I think what happened was that I realised as the deadline was approching, that I was a little overly ambitious about having a nice complete chapter to give to my supervisors by Thursday night, so I subconsciously decided to self-destruct. What I should have done is try to tidy up what I have, summarise for my supervisors what the rest of the chapter will look like and just keep on going. I know they will understand that it is still work in progress, but what I have done is quite big stuff in terms of structure etc.

So this paralysis lasts about 3 days and then I realise what I should do, but by then it is too late and I only have one full day now to tidy up this draft and then I worry that my supervisors will be disappointed in me. I also think it is disrespectful to give them something that is too drafty, so then I worry that they will read it, tutting throughout.

Now my paralysis has worn off, I remember that my friend once told me, that I should write a list of little tasks I can do when these symptoms set in. For example, perhaps tidy up Endnote, read a couple of articles from my reading pile or a chapter of a key book, maybe tidy up some files and so on. She said I should write these down because, as has happened, once one is in a state, one does not think clearly.

So I will do this now and add the list next to my motivational poster.

So tonight I will go to bed before midnight (ooh, that’s now!) and start afresh tomorrow. My motto ‘Focus’ may have to have a sub-motto: ‘It’s never to late to re-focus!’

 

 

 

 

(As it’s midnight, I wonder what Today’s Special Value is?….oh wow… it’s a Vax Vacumn cleaner…. I really need to watch it……)

 

 

When I handed in my upgrade document I took three days off. I thought this would be enough with the two days of the weekend making it up to five days of no PhD. I filled those days with lots of fun activities and catching up with family and friends. But when I tried to get back to work on the Monday after the weekend I felt a terrible anxiety and tightness in my chest. I couldn’t bear to look at my document and when I did I felt upset about my poor research questions and even started to feel a little bit paranoid that my upgrade panel must have read them by now and started visualising everything that can go bad at the meeting and how the panel must be trying to think of ways to diplomatically tell me my project design is rubbish. Of course this is possible, but I need to be mentally strong to take criticism well rather than take it too personally.
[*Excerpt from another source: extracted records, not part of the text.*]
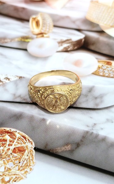 Przedmiotem sprzedaży jest męski sygnet patriotyczny wykonany z 14-karatowego(p.585),żółtego złota.
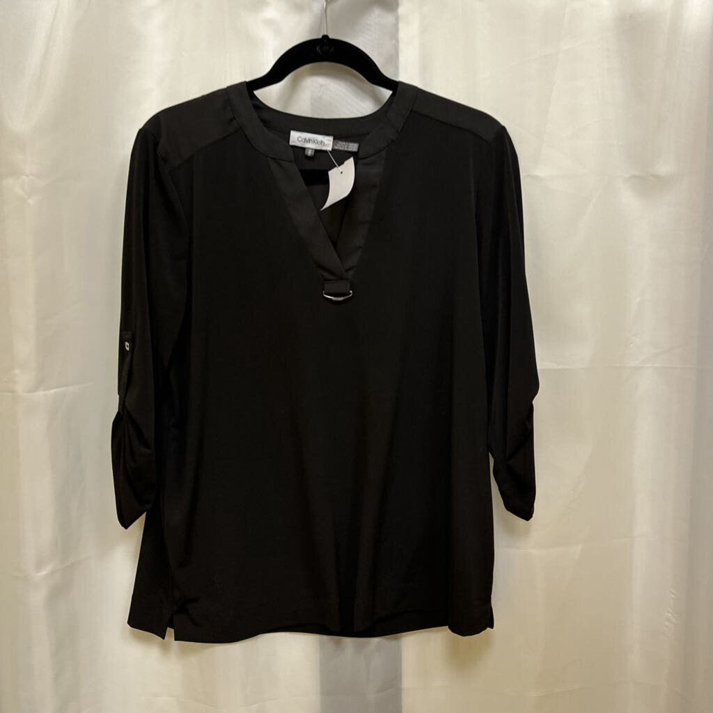 Pull on, 3/4 sleeves, silver tone hardware in front, vneck, falls past waist.
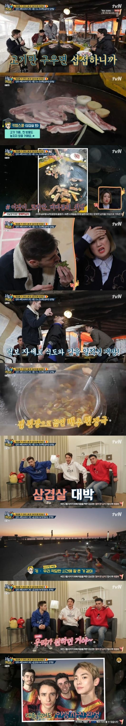 이어 뚝배기 그릇에 집 된장으로 끓인 된장찌개가 나왔고, 새하얀 쌀밥이 추가됐다. 테오는 "한국에서 먹은 것 중에 최고다. 5시간 동안 먹을 수 있을 것 같다"고 했고, 키는 "그럴 줄 알았다"며 뿌듯해했다. 프랑스 3인방은 "삼겹살 대박"이라고 외쳤다.
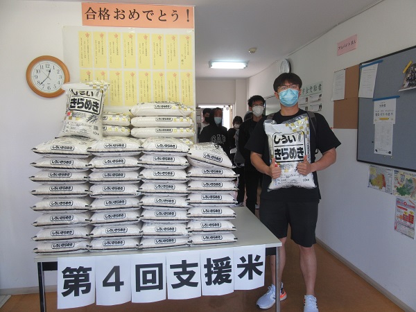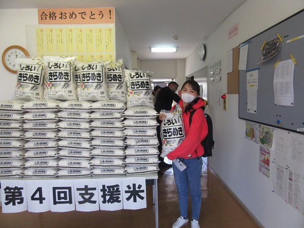 授業初日、「コロナウイルスに負けず、留学生活を頑張って欲しい」という気持ちで、新入生にも支援米を支給いたしました。
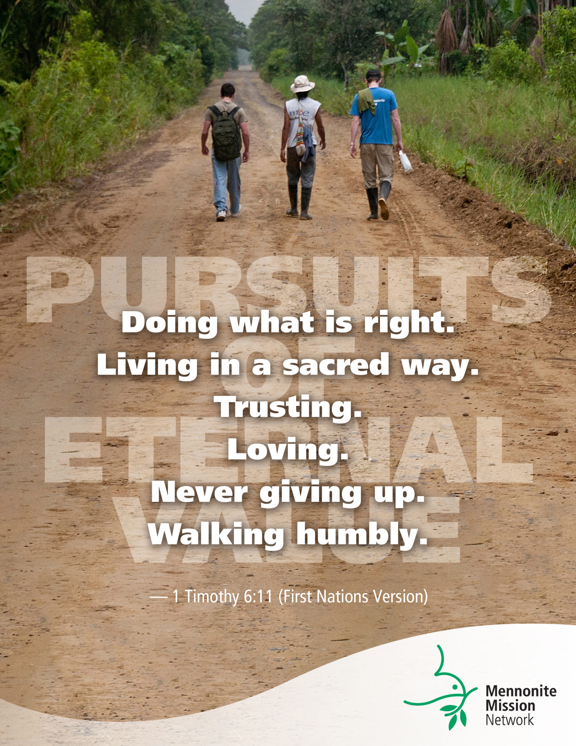 9 Those who long for more and more posessions stumble into temptation and are trapped by many foolish desires that drag them down and take them to a bad end. 10 For the love of possessions is the root of many evil, thorny branches. Some who have made posessions their aim in life, have walked away from the good road and have been pierced by thorns that bring them much pain and sorrow. 11 But you, o man who follows the Great Spirit, run away from these things and pursue doing what is right, living in a sacred way, trusting, loving, never giving up, and walking softly and in a humble manner. 12 Fight the good fight of trusting Creator. Get a firm hold on the life of the world to come that never fades away, full of beauty and harmony. The Great Spirit called you to this life when you said yest to him and made it known before many people that you had chosen to walk the good road with Creator Sets Free (Jesus) the Chosen One.
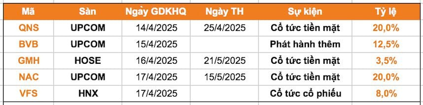 Lịch chốt quyền cổ tức tuần 14-18/4
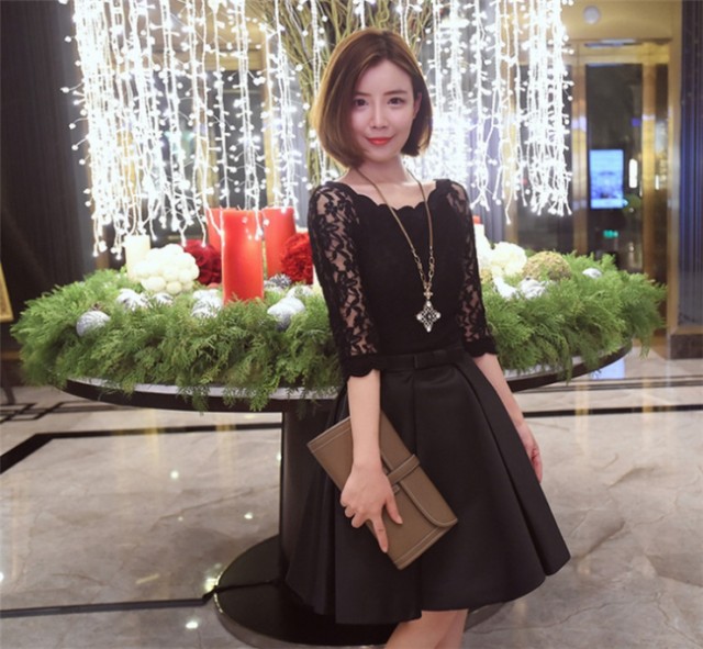 袖口のレースがオシャレで、結婚式や二次会、ディナーショー、お呼ばれに最適!
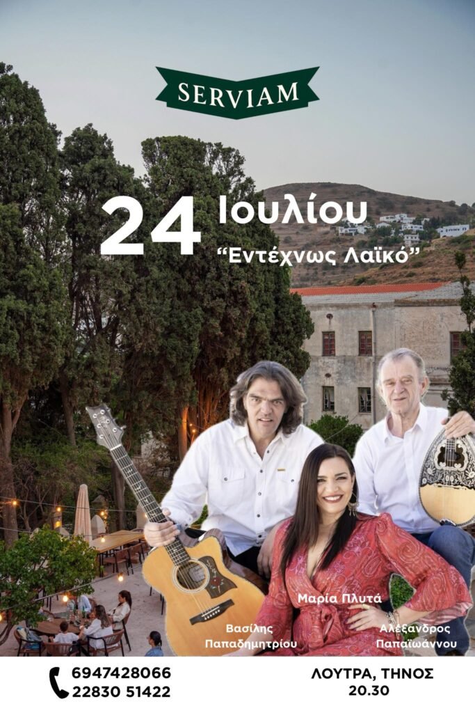 Το σχήμα «Εντέχνως Λαϊκό» σας προσκαλεί στις 24 Ιουλίου στο Serviam (Λουτρά Τήνου) για μια μουσική βραδιά-ωδή στο καλό ελληνικό τραγούδι!
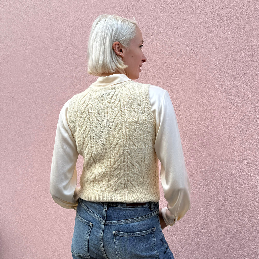 The Wyre Vest is made from Herd Wool - sustainable soft Bluefaced Leicester sheep wool grown N.W. England and processed within 150 miles of the farms according to Fibreshed principles. The yarn is either undyed or dyed using plant extracts and naturally occurring mordants. The buttons are made from nuts, our labels are 100% cotton, so your knit is fully circular.
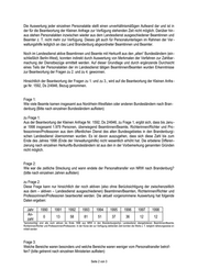Die Auswertung jeder einzelnen Personalakte stellt einen unverhältnismäßigen Aufwand dar und ist in der für die Beantwortung der Kleinen Anfrage zur Verfügung stehenden Zeit nicht möglich. Darüber hin - aus stehen Personalakten inzwischen wieder aus dem Landesdienst ausgeschiedener Beamtinnen und Beamter z. T. nicht mehr zur Verfügung. Dieses gilt auch für Personalunterlagen im Rahmen der Ver - waltungshilfe lediglich an das Land Brandenburg abgeordneter Beamtinnen und Beamter. Noch im Landesdienst aktive Beamtinnen und Beamte mit Herkunft aus den „alten“ Bundesländern (ein - schließlich Berlin-West), konnten indirekt durch Auswertung von Merkmalen der Verfahren zur Zahlbar- machung der Dienstbezüge ermittelt werden. Auf dieser Grundlage und durch ergänzende Durchsicht eines Teils der Personalakten der im Landesdienst tätigen Beamtinnen/Beamten wurden Erkenntnisse zur Beantwortung der Fragen zu 2. und zu 4. gewonnen. Hinsichtlich der Beantwortung der Fragen zu 1. und zu 3., wird auf die Beantwortung der Kleinen Anfra - ge Nr. 1592, Ds 2/4946, Bezug genommen. Frage 1: Wie viele Beamte kamen insgesamt aus Nordrhein-Westfalen oder anderen Bundesländern nach Bran- denburg (Bitte nach einzelnen Bundesländern auflisten) zu Frage 1: Aus der Beantwortung der Kleinen Anfrage Nr. 1592, Ds 2/4946, zu Frage 1, ergibt sich, dass bis Janu - ar 1998 insgesamt 1.979 Personen, überwiegend Beamtinnen/Beamte, Richterinnen/Richter und Pro - fessorinnen/Professoren aus dem öffentlichen Dienst des alten Bundesgebietes in den Brandenburgi- schen Landesdienst übernommen wurden. Es ist davon auszugehen, dass sich diese Zahl bis zum Ende des Jahres 1998 (Ende der Verwaltungshilfe) nicht wesentlich erhöht hat. Die erbetene Differen - zierung nach einzelnen Herkunfts-Bundesländern ist aus den in der Vorbemerkung genannten Gründen nicht möglich. Frage 2: Wie war die zeitliche Streckung und wann endete der Personaltransfer von NRW nach Brandenburg? (bitte nach einzelnen Jahren auflisten) zu Frage 2: Diese Frage kann nur hinsichtlich der noch aktiven (also ohne Berücksichtigung der zwischenzeitlich aus dem – aktiven – Landesdienst ausgeschiedenen) Beamtinnen/Beamten, Richterinnen/Richter und Professorinnen/Professoren beantwortet werden. Die aktuell vorgenommene Auswertung hat folgende Daten ergeben: Jahr 1990 1991 1992 1993 1994 1995 1996 1997 1998 An- 0 13 58 81 51 37 36 12 12 zahl *berücksichtigt sind alle noch aktiven bis Ende 1998 aus NRW in den Brandenburgischen Landesdienst übergetretenen Beamtinnen/Beamte, Richterinnen/Richter und Professorinnen/Professoren. In der Kürze der zur Verfügung stehenden Zeit konnten die Werte z. T. lediglich näherungsweise er- mittelt werden Frage 3: Welche Bereiche waren besonders und welche Bereiche waren weniger vom Personaltransfer betrof- fen? (bitte getrennt nach einzelnen Ministerien auflisten) Seite 2 von 3
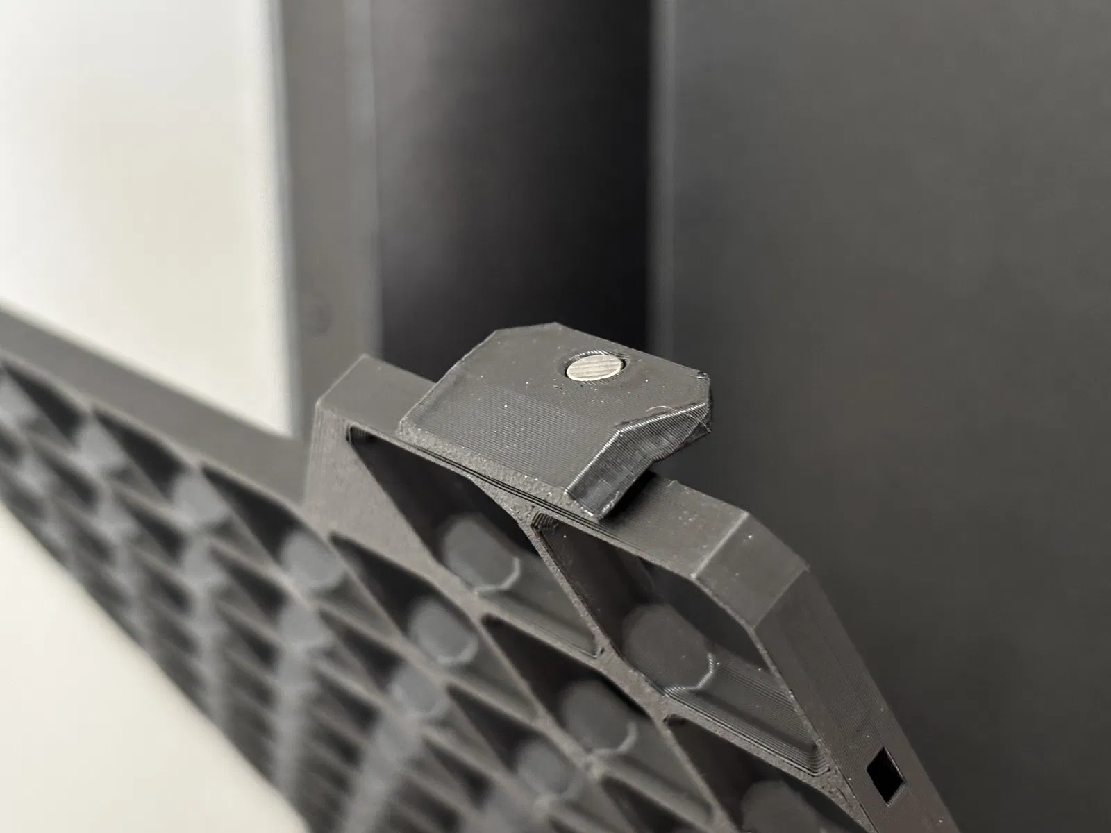 - Lẫy khóa nam châm góc vào phần trên của header. Phần góc có nam châm sẽ phẳng với tấm kim loại góc bên trong phía trên của tấm hông Core One khi gắn vào.
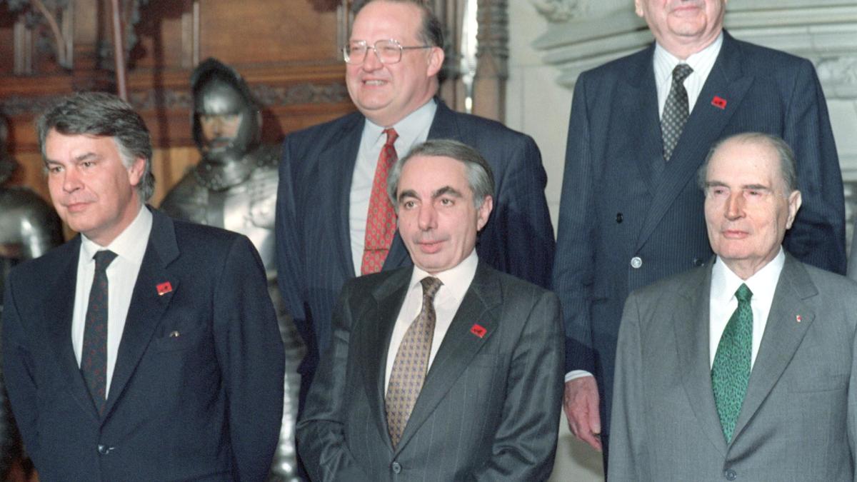González consiguió la cumbre de Edimburgo de 1992 el desarrollo de los fondos de cohesión. En la foto, junto al presidente italiano Amato, el francés Miterrand, la belga Dehaene y el griego Mitsotakis
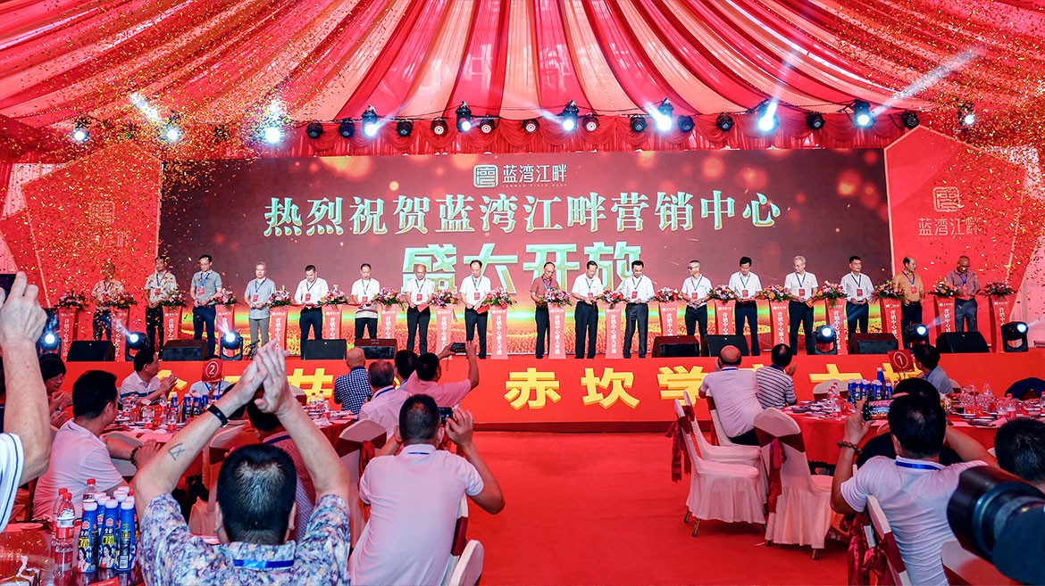 還邀請了領導嘉賓共同為藍灣江畔項目舉行剪彩儀式。隨著現場禮花與歡呼齊飛,赤坎芯·約61萬m2學府大城,繁華都市生活,自此磅礴開卷!
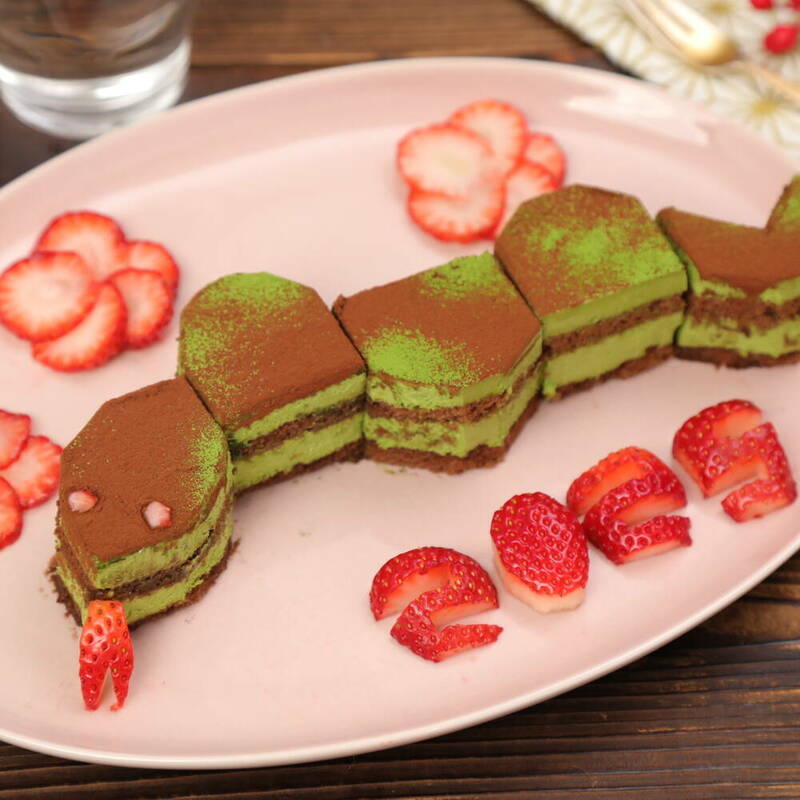 お皿に蛇の形になるようティラミスをのせる。舌、目をつけ、「2025」を手前におく。輪切りにしたいちごを梅の花に見立てる。
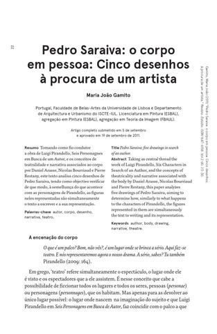 of an author. Taking as central thread the work of Luigi Pirandello, Six Characters in Search of an Author, and the concepts of theatricality and narrative associated with the body by Daniel Arasse, Nicolas Bourriaud and Pierre Restany, this paper analyzes five drawings of Pedro Saraiva, aiming to determine how, similarly to what happens to the characters of Pirandello, the figures represented in them are simultaneously the text to writing and its representation. Abstract
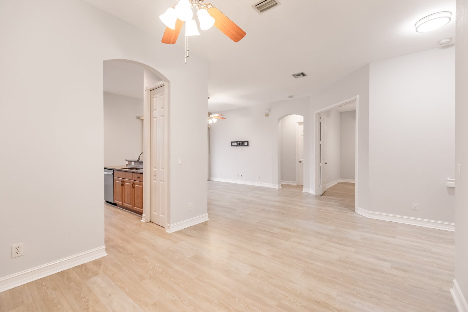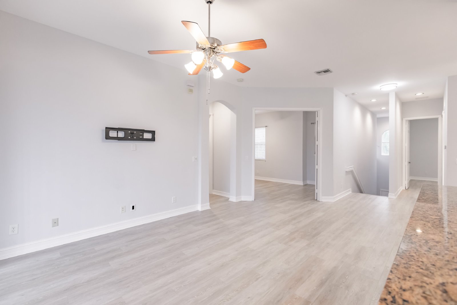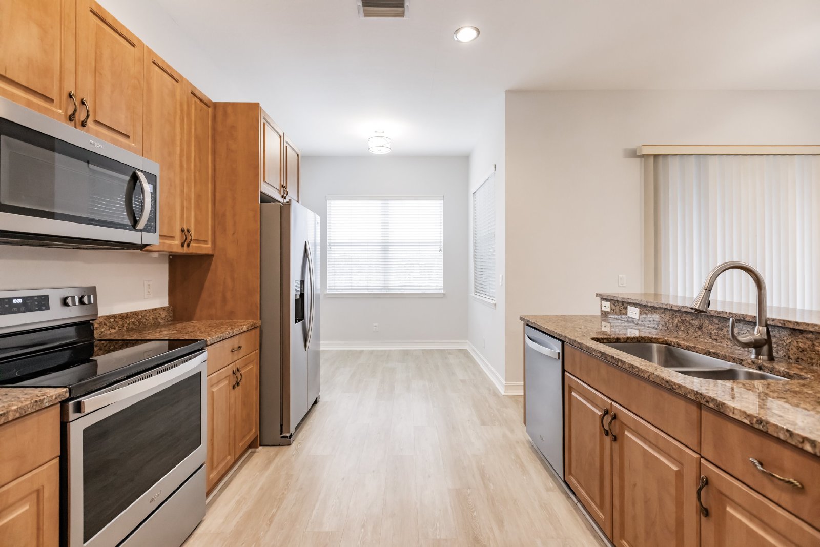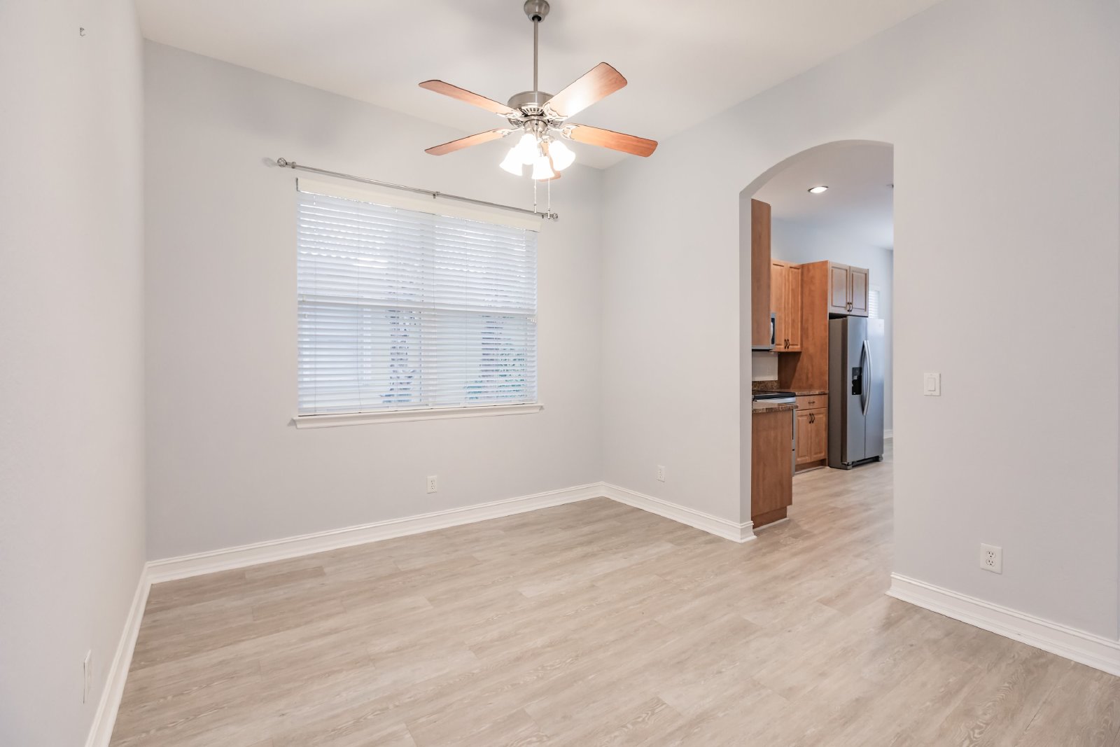 Upon entering, you are greeted by an open floor plan that seamlessly connects the living, dining, and kitchen areas. The well-appointed kitchen features contemporary appliances, ample cabinet space, and a convenient breakfast bar.

I think this anxiety spike was due to the fact that I actually needed a longer break to recover. During the week that I was supposed to be back into PhD mode, I decided that it is better to take an extra week off, but try to ease myself into working again by going to the library, paying of my HUGE fine (£16), browsing all the new books I got out and attending a couple of seminars at the university. I also decided that I may as well catch up on some other things like registering to give blood (haven’t quite plucked up the courage to donate yet!), going to the salon for a much needed restyle, getting the plumber in to do some big jobs, finishing off some admin tasks like researching accommodation for a conference, planning and booking my training and such like.

If most workers have two weeks off in the summer, then of course a PhD student can too, especially if like me you worked over the summer and in fact have not had any days off, not even a weekend for a couple of months. It is silly not to take a break. In fact we are allowed to have 8 weeks according to the official documentation.

So just as a new haircut is a fresh new start, holidays are meant to give you that feeling of a fresh or at least refreshed start. I now feel better prepared to start anew on Monday.